AVAILABLE RECORDS —
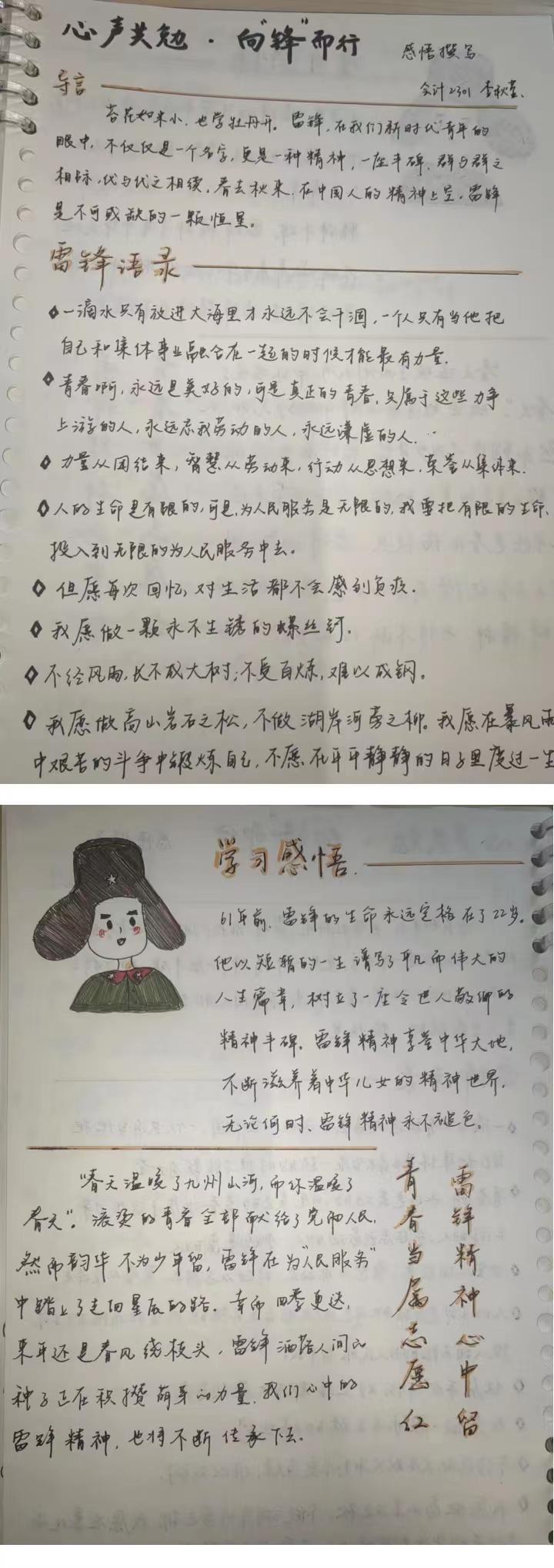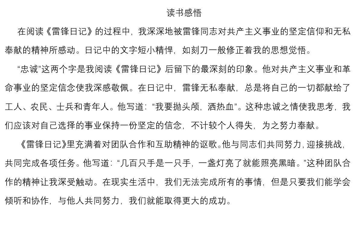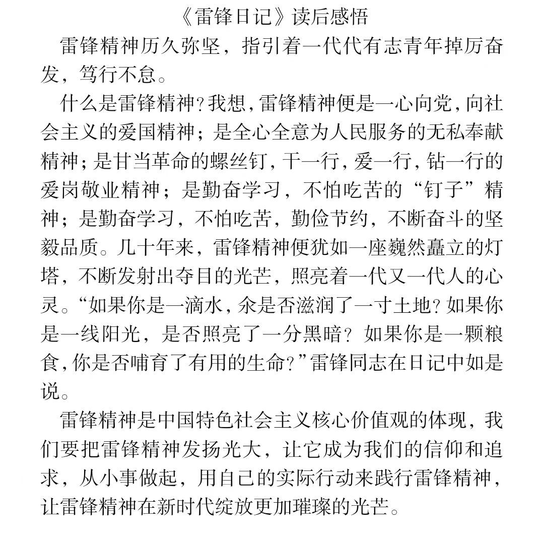 春风拂面,雷锋精神暖人心。六十年来,雷锋精神代代赓续传承,持续滋养着千千万万个我们,历久弥坚。为强化同学们对雷锋精神的认识,倡导无私奉献、乐于助人的社会风尚,太阳成集团tyc151cc特举办“心声共勉 向‘锋’而行”感悟撰写活动。在此次感悟撰写活动中,同学们积极参与,认真阅读《雷锋日记》、雷锋传记或观看相关纪录片,更直观、深入地感悟到雷锋同志乐于助人、甘愿为人民服务的伟大精神,用细腻的文字,精美的照片表达了对雷锋精神的赞美和敬佩,创作出许多内容充实,感情真挚的作品。经过认真评选,许多同学的作品被遴选为优秀作品。其中部分优秀作品如下:
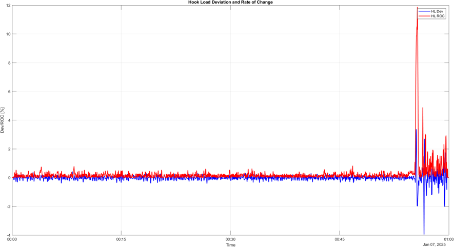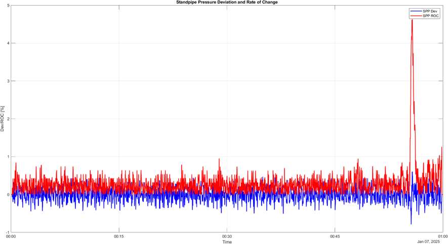 Rate of Change (ROC) обнаруживает потенциальные проблемы, фиксируя резкие изменения ключевых параметров без необходимости сравнения с ожидаемыми значениям. Преимущество метода в том, что он решает проблему, когда отклонение от модели слишком мало для срабатывания аларма из-за усреднения или сглаживания данных, и позволяет выявлять ухудшающиеся условия в скважине, даже если отклонения от модели кажутся незначительными. Используется для быстрого выявления резких изменений, которые могут быть пропущены при анализе «план/факт», при этом направление изменения (положительное или отрицательное) зависит от типа активности на буровой и отслеживаемого параметра.
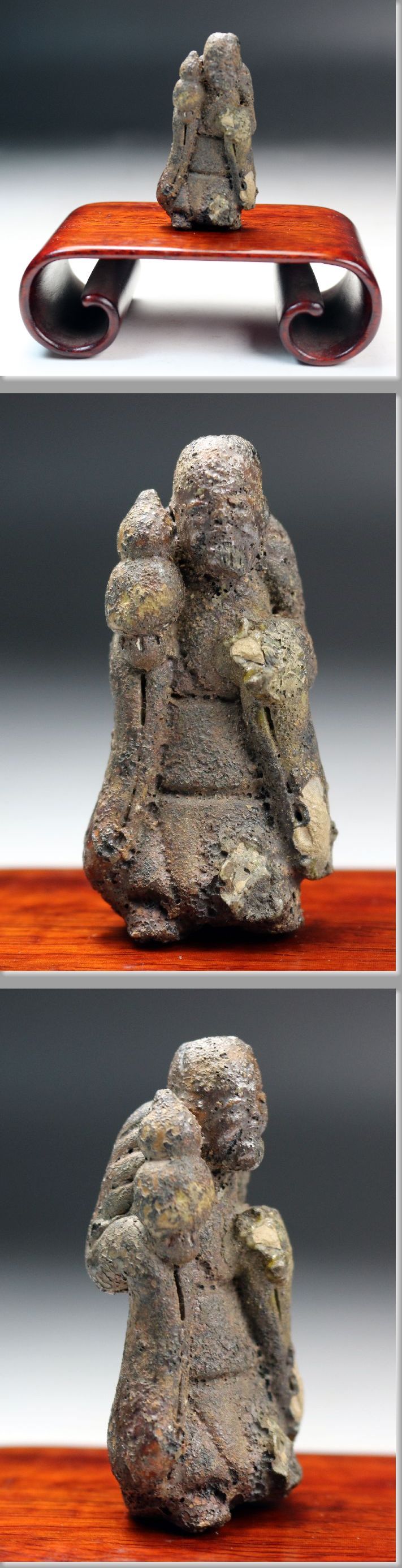 ■■ 古備前 胎内仏 寿老人立像 桐箱 飾台付属 ■■
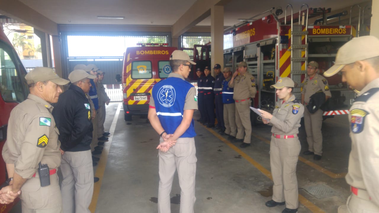 O último plantão dos Soldados Missaka e Chesco foi marcado por despedidas e homenagens, com o tradicional banho de mangueira.
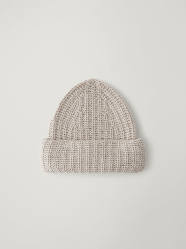 In a chunky, 3-gauge ribbed plain knit silhouette, the Beatris beanie has a triple rolled edge that can be worn folded or extended.
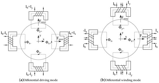 Because the magnetic force depends on , the forces at the pole areas can only pull the rotor. To overcome that problem, a bias flux is used. If a resulting force should act in a specified direction, the flux is increased in the pole area of this direction and decreased in the opposite using a control current or . Thus, a resulting force is generated in the requested direction, although every single force in the pole areas pulls on the rotor. Magnetic bearing structures using the differential driving mode have only one coil for each pole. The bias current and the control current or are superposed to the required coil current. Therefore, every degree of freedom requires two current controllers. For the differential winding mode, the bias flux is generated with separated coils. Therefore, the control flux can be created with only one current controller for every degree of freedom. In [,,], the bias flux is generated by permanent magnets. Such a magnetic bearing structure is called a permanent magnet biased active magnetic bearing (PMBAMB).
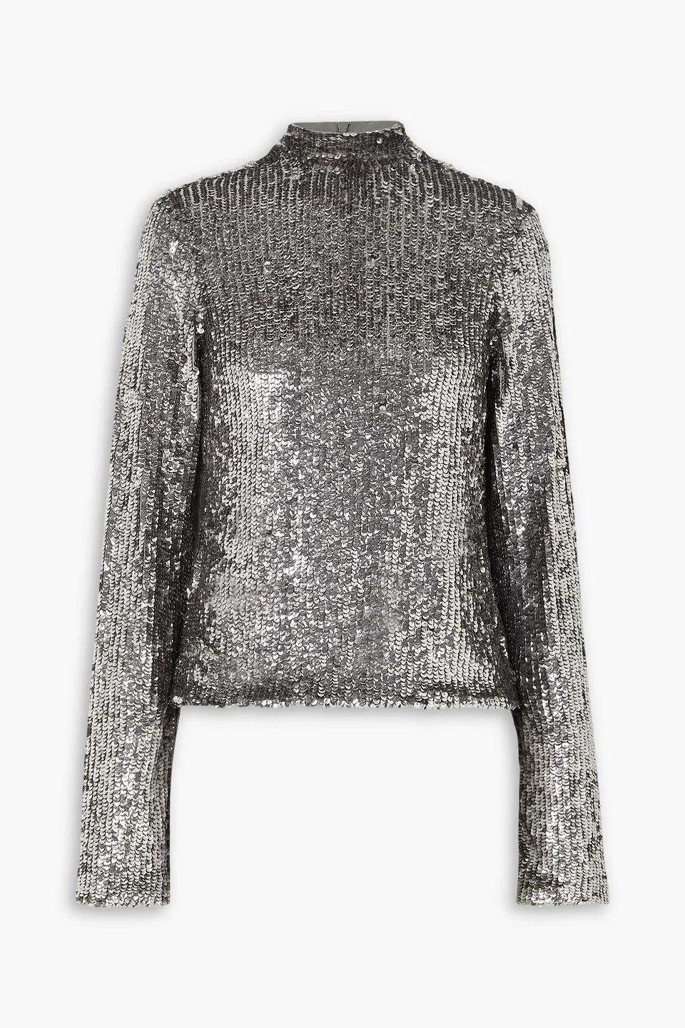 Turtleneck top stretch-tulle sequins concealed zip fastening along back fully lined lightweight, heavily embellished fabric dry clean imported Interior's 'Frances' top is designed to catch light from every angle. Made from stretch-tulle saturated with sequins, it has a chic turtleneck and elongated, flared sleeves. Wear yours with tailored pants and equally sparkly accessories. 80% Lycra® 20% Viscose Product Code 1647597346323603
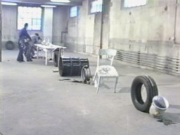 «Der Lauf der Dinge» undStills aus Patrick Freys Video «Lauf der Dinge: In der Werkstatt», 1985/2006 (aufgenommen während der Dreharbeiten zur Skizze «Der Lauf der Dinge», 1985)
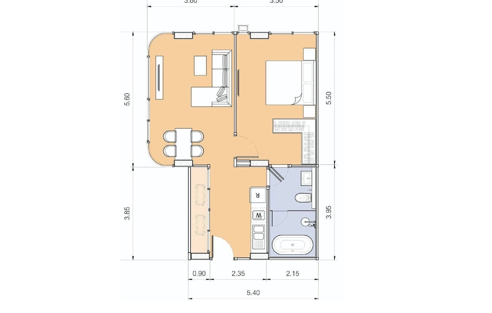 อพาร์ตเมนต์หนึ่งห้องนอนประเภทมุม #321
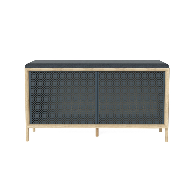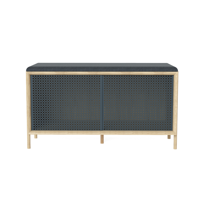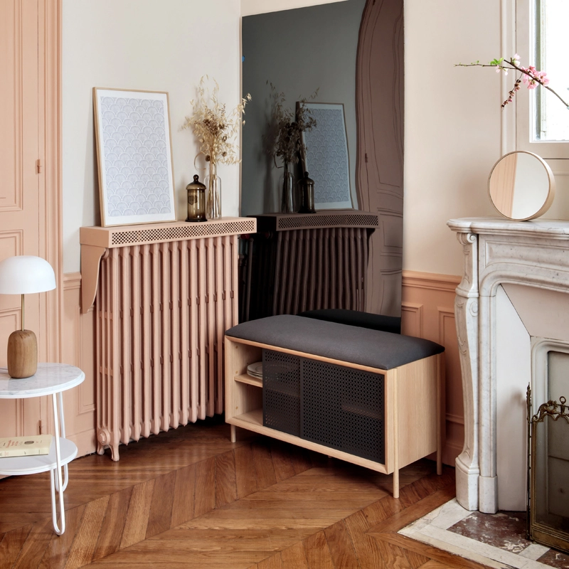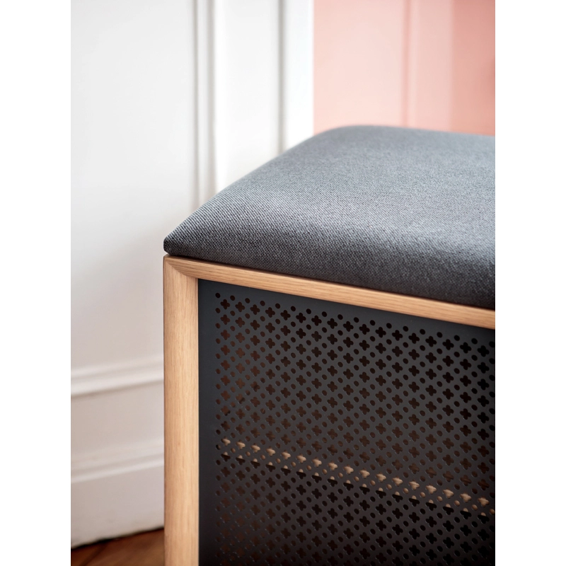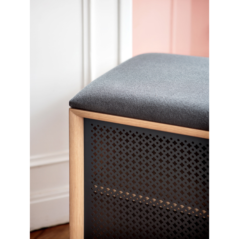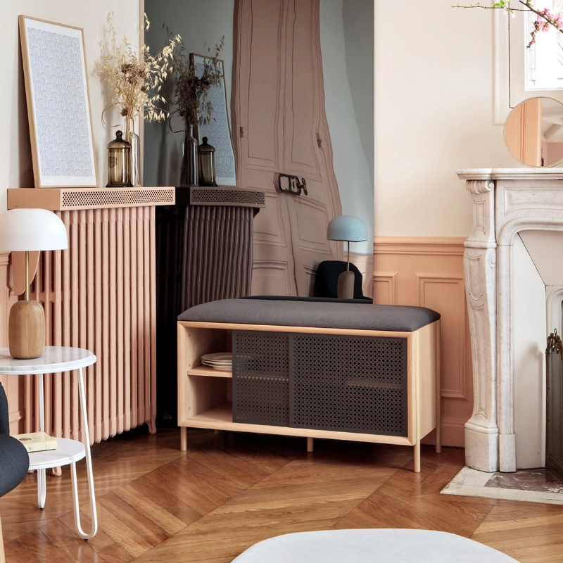 Dessinée par Mathieu Galard, directeur artistique d’Hartô, ce banc d’entrée vient enrichir la collection de rangement Gabin. A l’image des pièces de la collection du même nom, il est empreint de modernité. Gabin se démarque par ses portes coulissantes inspirées du cannage et l'association du bois et du métal. Le design de la structure a été pensé avec simplicité et rondeur, créant une harmonie entre la fonction et l'esthétique. Avec ses proportions réduite, le banc d'entrée Gabin apporte sa touche créative dans tous types d’entrées. Vous pourrez y déposer un sac, vous assoir, ou y ranger vos chaussures. Gabin est livré avec un coussin d’assise.
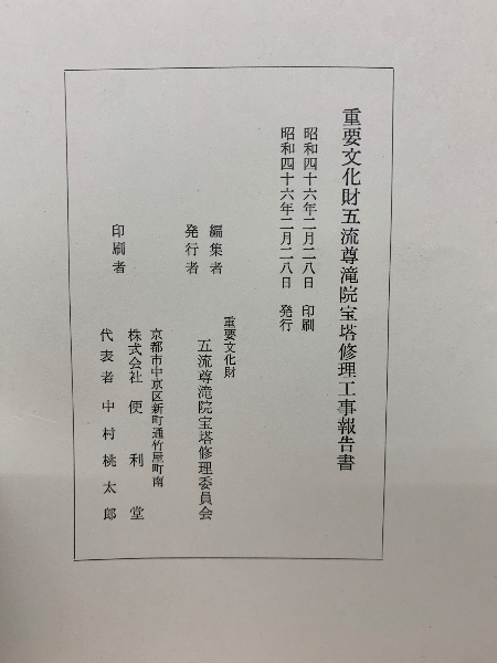 • 出版社 重要文化財五流尊滝院宝塔修理委員会
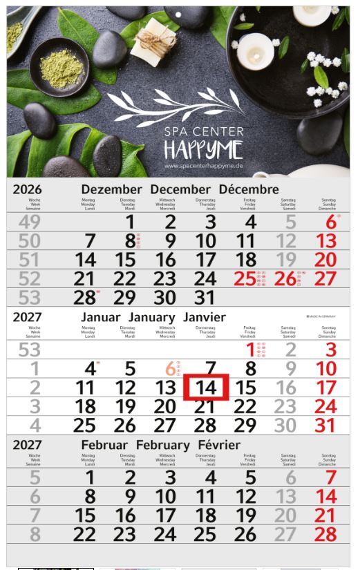 Der Budget 3 Bestseller ist der ideale Kalender für kostenbewusste Unternehmen, die auf Übersicht und Werbewirkung setzen. Mit einem modernen 3-Monatskalendarium, klarer Typografie und einem individuell bedruckbaren Kopfteil kombiniert er Funktionalität mit attraktivem Design. Ein zuverlässiges Werbemittel, „Made in Germany“.
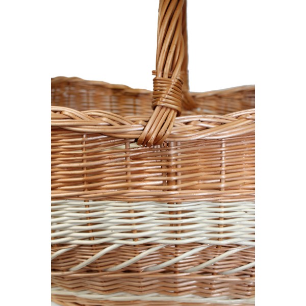 Ce panier en osier 2 tons (buff et blanc) est très pratique pour aller au marché, faire vos courses, aller en récolte ou en cueillette ou vous accompagner pour un pique-nique.
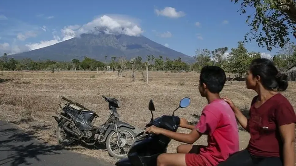 غطت الغيوم قمة أعلى بركان بجزيرة بالى الاندونيسية، اليوم الثلاثاء، وذلك بعد إجلاء آلاف الأشخاص وسط مخاوف من ثوران البركان.وأثارت الهزات البركانية القوية والدخان المتصاعد فوق البركان مخاوف السكان، مما أدى إلى إجلاء أكثر من 75 ألف شخص من قرى تنتشر فيها حقول الأرز قرب جبل اجونج.وقد فرض المسئولون الإندونيسيون منطقة حظر على بعد 12 كيلومترا حول البركان الذى أنفجر فى عام 1963، وتسبب فى مقتل أكثر من ألف شخص وتدمير العديد من منازل السكان وقتها.
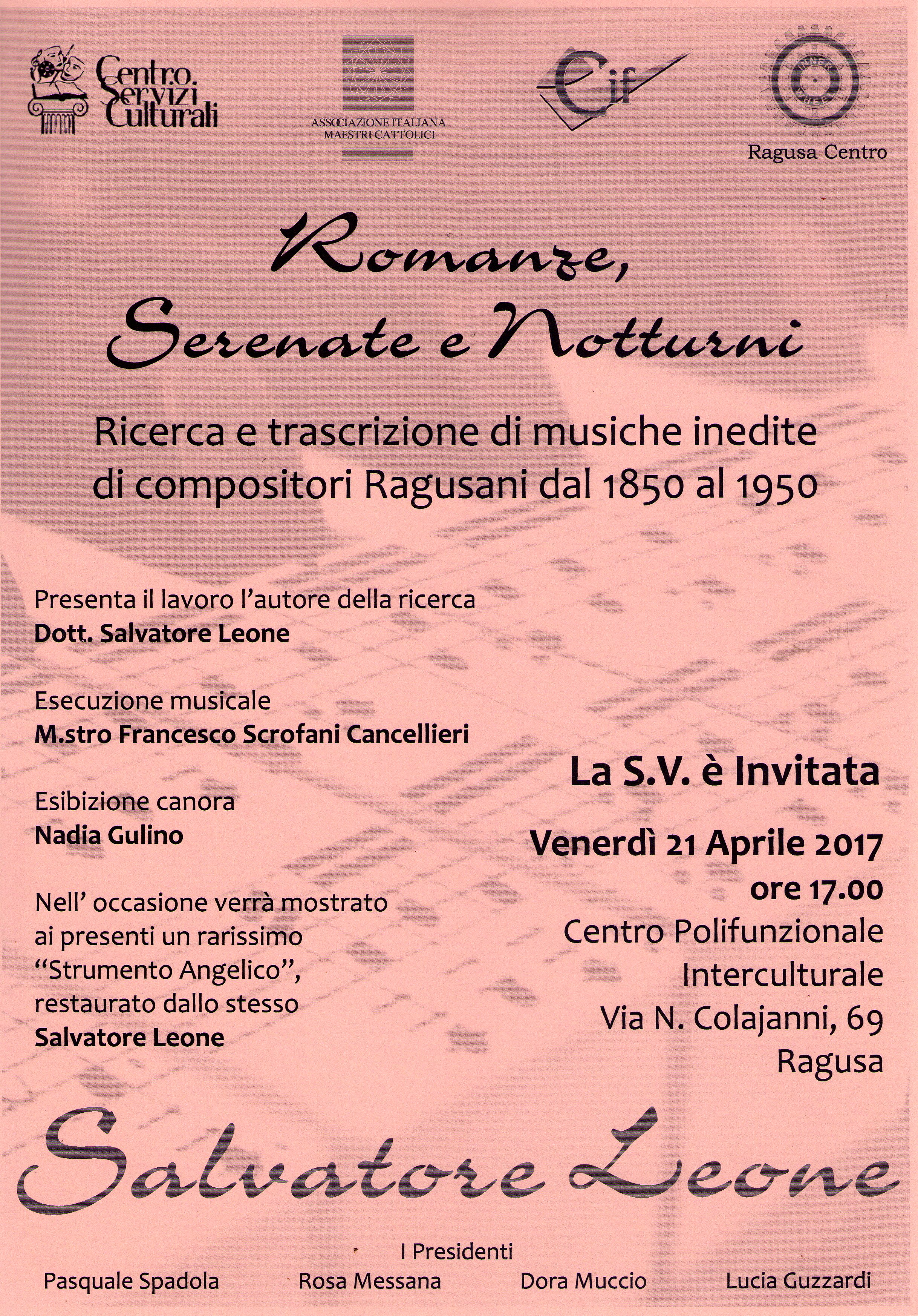 “Romanze, Serenate e Notturni” – Ricerca di trascrizioni di musiche inedite di compositori ragusani dal 1850 al 1950 - 21 aprile - Centro Polifunzionale Interculturale (Via N. Colajanni, 69 – Ragusa)
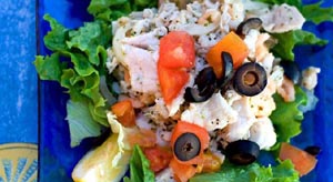Viską gerai sumaišykite, apšlakstykite alyvuogių aliejumi (šalto spaudimo) ir palikite pastovėti maždaug 2 valandoms.

WHAT YOU HAVE TO DO —
Give back exactly the lines of the listing above from the one that contains "undStills aus Patrick" up to and including the one that contains "อพาร์ตเมนต์หนึ่งห้องนอนประเภทมุม #321", but not the pictures, and no other lines.

RESPONSE BELOW —
 «Der Lauf der Dinge» undStills aus Patrick Freys Video «Lauf der Dinge: In der Werkstatt», 1985/2006 (aufgenommen während der Dreharbeiten zur Skizze «Der Lauf der Dinge», 1985)
 อพาร์ตเมนต์หนึ่งห้องนอนประเภทมุม #321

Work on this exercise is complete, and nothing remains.